__Task prompt__
All of the data below is to be repeated exactly, except for the pictures.

__Dataset excerpt__
BEGIN
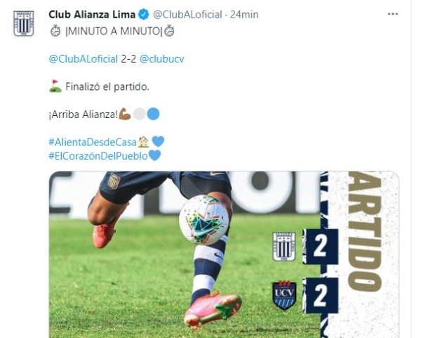 En el partido más complicado de Alianza Lima desde su vuelta a la Liga 1, el equipo íntimo empató 2-2 ante César Vallejo por la quinta fecha de la Liga 1. El partido se disputó en el estadio Iván Elías de Villa el Salvador.
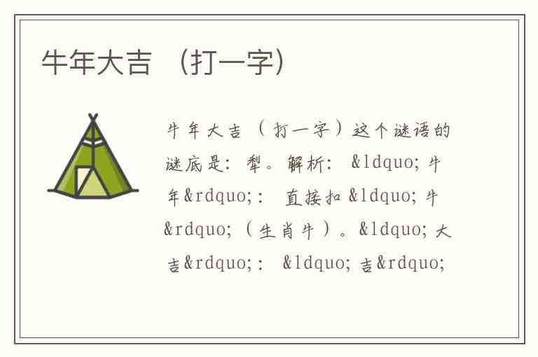 牛年大吉 (打一字)
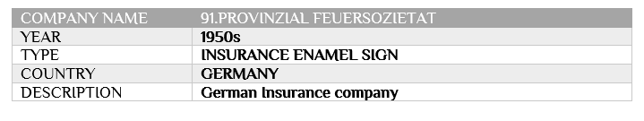 PROVINZIAL FEUERSOZIETAT Posted at h in GERMANY, INSURANCE ENAMEL SIGNS, PROVINZIAL FEUERSOZIETAT by IICMuseum 0 Comments 0 Likes Share 91. PROVINZIAL FEUERSOZIETAT
END
__Written solution__
 En el partido más complicado de Alianza Lima desde su vuelta a la Liga 1, el equipo íntimo empató 2-2 ante César Vallejo por la quinta fecha de la Liga 1. El partido se disputó en el estadio Iván Elías de Villa el Salvador.
 牛年大吉 (打一字)
 PROVINZIAL FEUERSOZIETAT Posted at h in GERMANY, INSURANCE ENAMEL SIGNS, PROVINZIAL FEUERSOZIETAT by IICMuseum 0 Comments 0 Likes Share 91. PROVINZIAL FEUERSOZIETAT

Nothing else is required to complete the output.